The Church of St. Anthony of Padua is a Catholic parish church in the Roman Catholic Archdiocese of New York, located at 155 Sullivan Street at the corner of West Houston Street, in the South Village and SoHo neighborhoods of Manhattan, New York City. It was established in 1859 as the first parish in the United States formed specifically to serve the Italian immigrant community.

History
The parish was founded by a priest named Sanguinetti who had come from Italy with the approval of John Hughes, the Archbishop of New York, to help provide the services of the Catholic faith to his countrymen who had emigrated to the United States. With no clergy available to serve these immigrants in their native language, many had stopped practicing the faith or had begun to join other denominations. The congregation initially worshiped at the former site of the Church of St. Vincent de Paul built in 1841 on Canal Street, which Sanguinetti leased from that parish. He lasted in that ministry for only about a year, however, as he returned to his homeland, feeling overwhelmed and disheartened from the various obstacles which arose for the parish.

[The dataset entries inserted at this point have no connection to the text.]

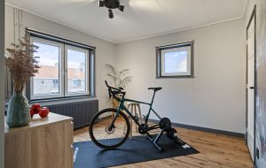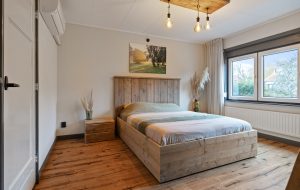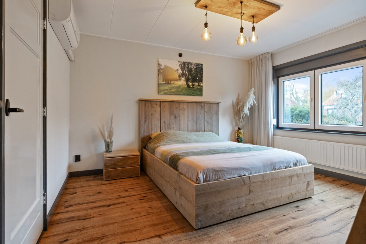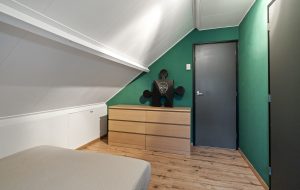Drie kamers, waaronder een achterkamer (nu ingericht als waskamer) met tuindeur naar het dakterras. Aircounit en rolluik zijn geplaatst bij de achterslaapkamer op de eerste verdieping.
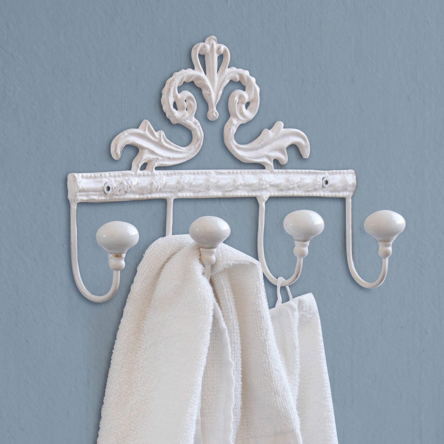 Mit dieser Hakenleiste bringen sie nostalgischen Charme in Ihr Zuhause. Gleichzeitig passt dieses schöne Wandaccessoire perfekt zu vielen gehobenen und rustikalen Stilrichtungen. Die noble und mit Ornamenten verzierte Leiste ist aus weißen Messing gearbeitet und mit vier Harken bestückt. Jeder einzelne von ihnen ist abschließend mit einem Keramik-Knauf versehen. Die Leiste eignet sich hervorragend dafür in der Diele, Küche und im Bad gute Dienste zu leisten. So können an den Haken Handtücher, Geschirrhandtücher oder weitere Utensilien wie Schlüssel oder Ketten fortan stilvoll ihren festen Platz finden.
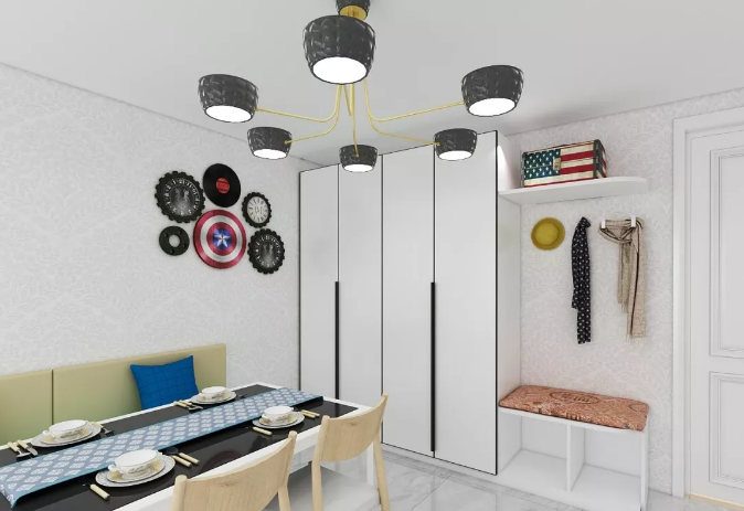 戶(hù)型過(guò)小,收納空間嚴(yán)重不足,因此每一平米都不能浪費(fèi),合理規(guī)劃、高效收納,是對(duì)高價(jià)購(gòu)得的房子的基本“尊重”,比如餐廳空間, 做一個(gè)卡座式的餐廳,再加上墻面空間的利用,把柜子做滿(mǎn)墻。
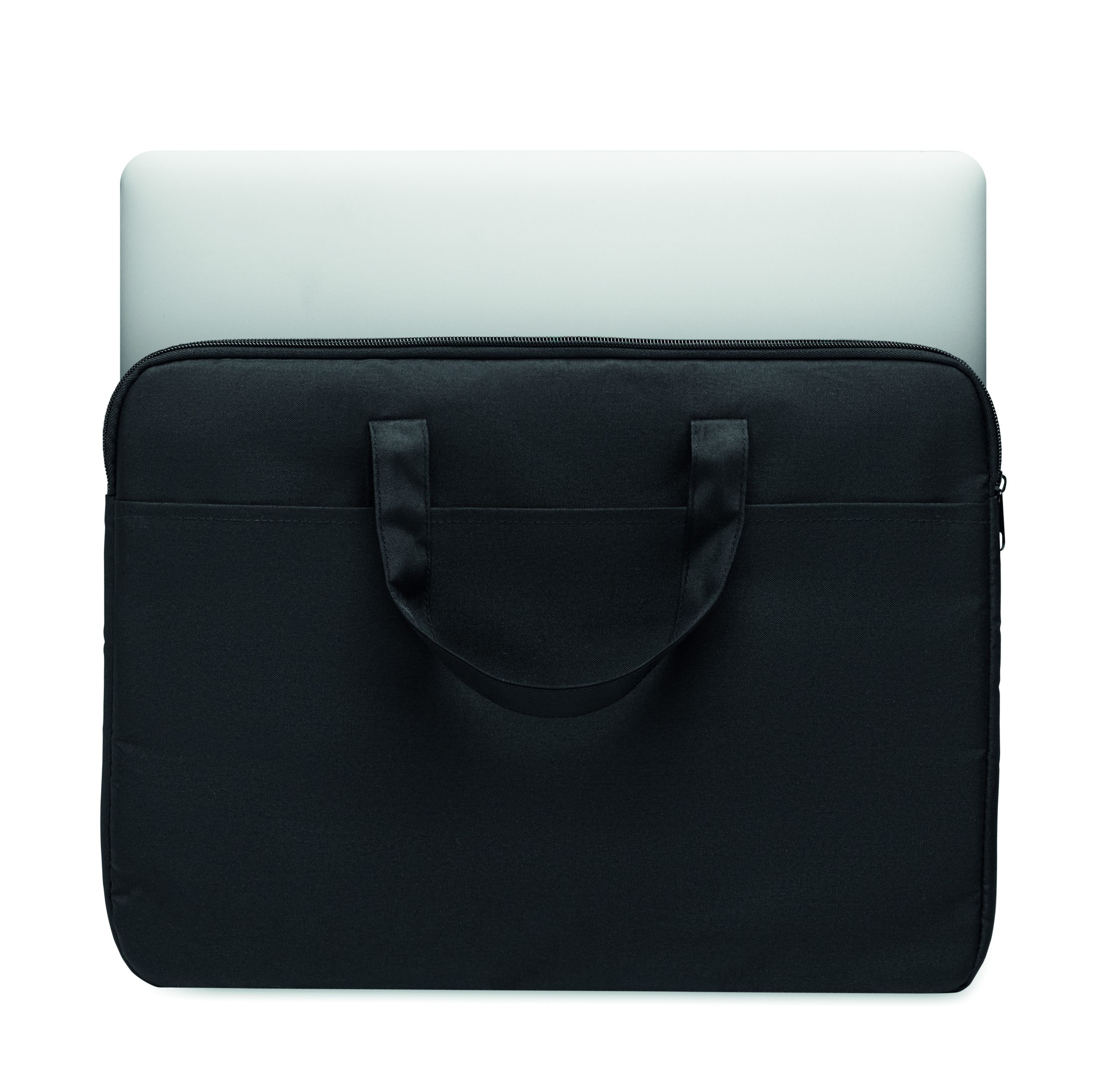 15 inch laptop bag in 300D RPET polyester with handles and luggage pass-through strap.
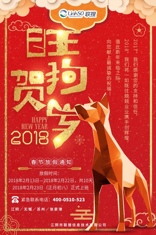 联搜科技祝您:狗年旺旺、旺事如意、旺事顺心!
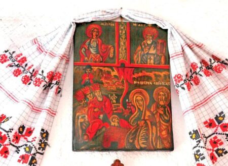 Cinstitul locaș de rugăciune este străjuit la intrare de clopotnița zveltă și de Monumentul Eroilor comunei Grințieș.
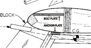 Includes some plywood parts not shown on the plan, for mounting the wing with bolts instead of rubber bands. There are two pairs of 1/8″ plywood rectangles to be laminated to 1/4″ and placed inside the fuselage to receive the bolts. There are also a couple of 1/8 ply rectangles to go in between the ribs in the front of the wing for holding the bolts in the wing. And there is a 1/32 ply plate to go on top of the trailing edge of the wing.
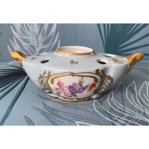 VINTAGE Limoges Hand Painted gold floral Inkwell & Pen Holder NO LID
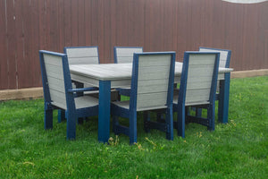 Amish Coastal Patio Dining Set for 6 - Our Coastal Outdoor Dining Set includes a 4’ x 6’ poly Coastal Dining Table, 2 poly Coastal Dining Arm Chairs, and 4 poly Coastal Dining Side Chairs. This set is made of high-quality poly lumber manufactured from recycled plastic. Imagine a beachfront summer evening spent enjoying a meal with family and friends around
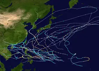 | 21 systems | February 18 – December 16 | 280 km/h (170 mph) | 886 mbar (886 hPa; 26.2 inHg) | |||||
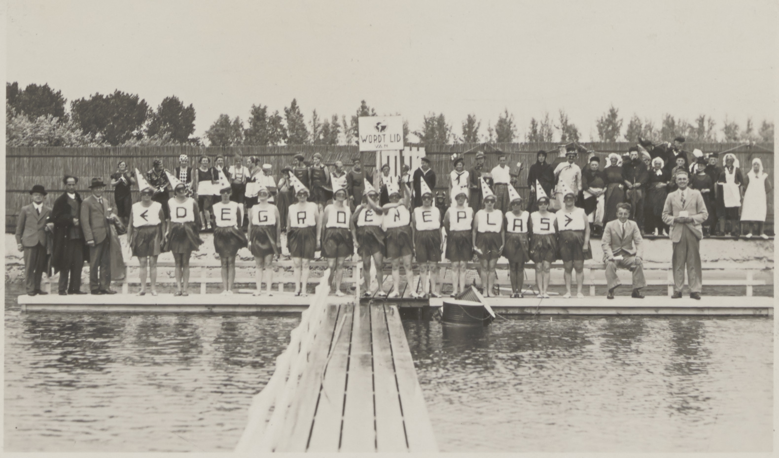 Mensen die reclame maken voor zwembad De Groene Plas aan de noordkant van de …
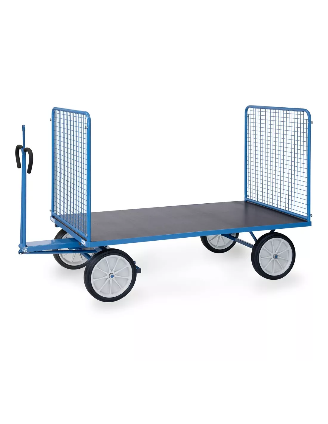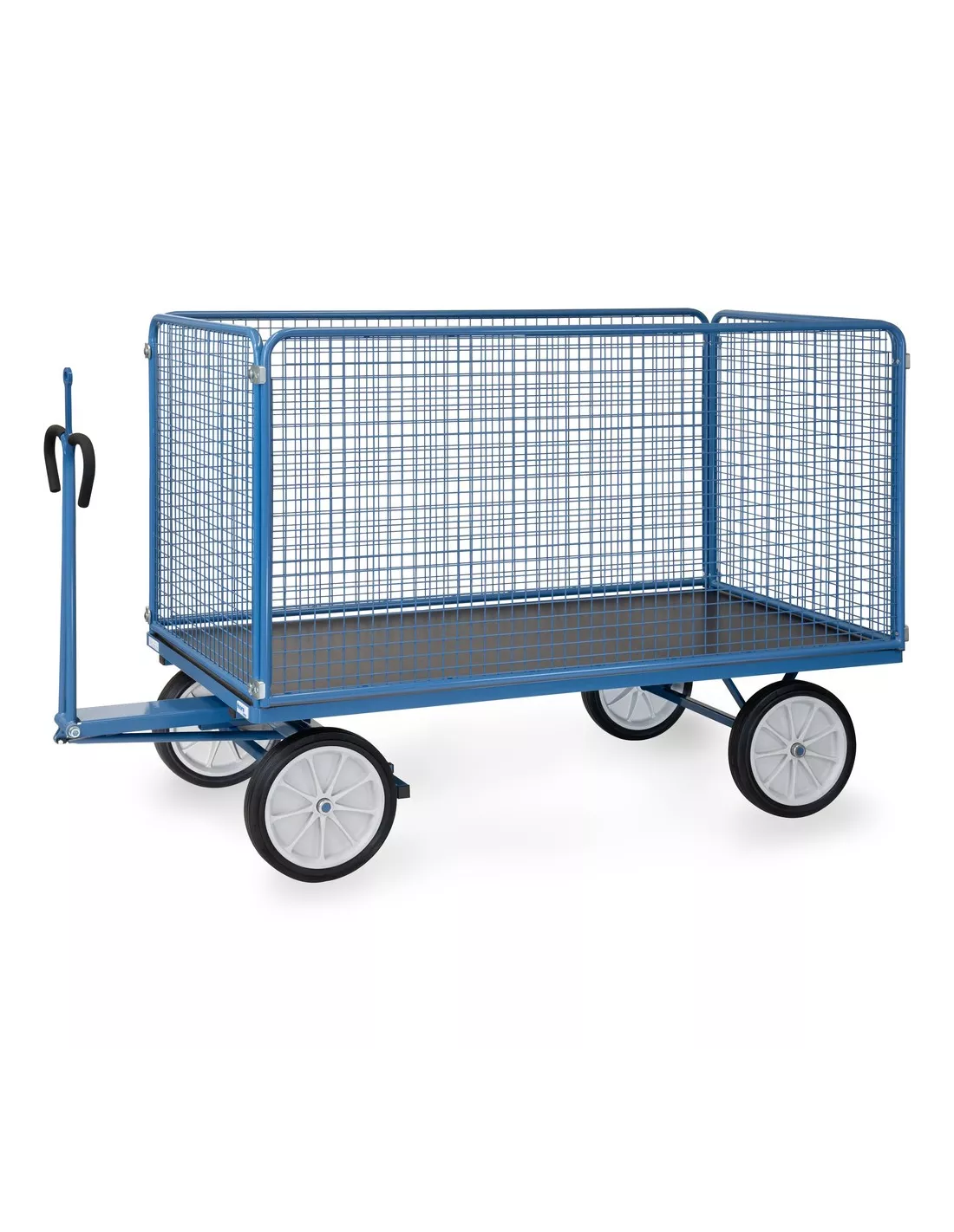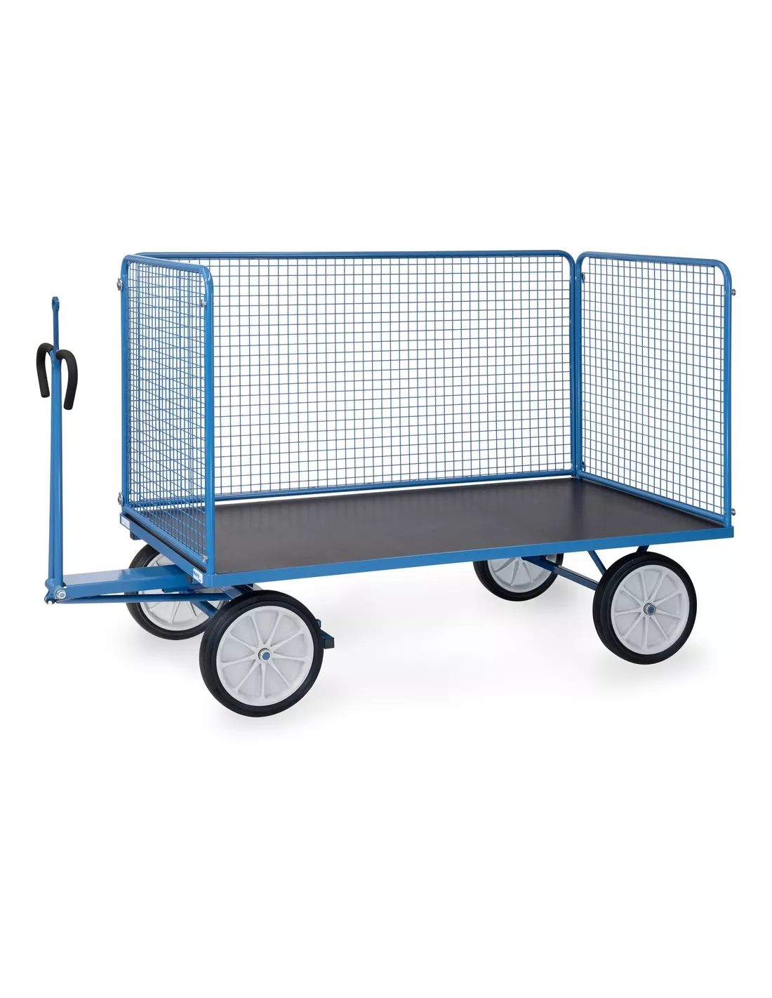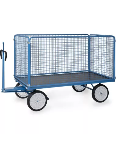 Ensemble mécano-soudé, revêtement époxy bleu RAL 5007. 4 inserts dans les angles, essieu sur rond à billes, timon en triangle avec poignée avec revêtement en plastique sécurisée remontant automatiquement en position verticale. Avec oeillet de traction, Ø interne 32 mm. Plateau en contreplaqué avec revêtement antidérapant et hydrofuge. 4 ridelles de 1000 mm de haut boulonnées à la plateforme, grands côtés amovibles. Treillis métallique mécano-soudé, maille de 40 x 40 x 4 mm. Roues à bandage caoutchouc, moyeu à roulement à rouleaux. Freinage automatique sur essieu avant.

The Italian community did not wish to lose the work Sanguinetti had begun. Hughes' successor, John McCloskey, appealed for help to Pamfilo of Magliano, the Minister Provincial of the Franciscan friars then based at St. Bonaventure College in Allegheny, New York. Father Pamfilo agreed to take responsibility for this ministry. He assigned Friar Leo Pacilio, a native of Naples, to this task. The parish was thus re-established in 1866 at what had been built in 1839 at 149 Sullivan Street as the Sullivan Street Methodist Episcopal Church, which had relocated to become the Washington Square United Methodist Church. The parish was served by the Franciscan friars, who continue to administer it. The church was solemnly dedicated on April 10, 1866, by McCloskey, by then the first cardinal of New York.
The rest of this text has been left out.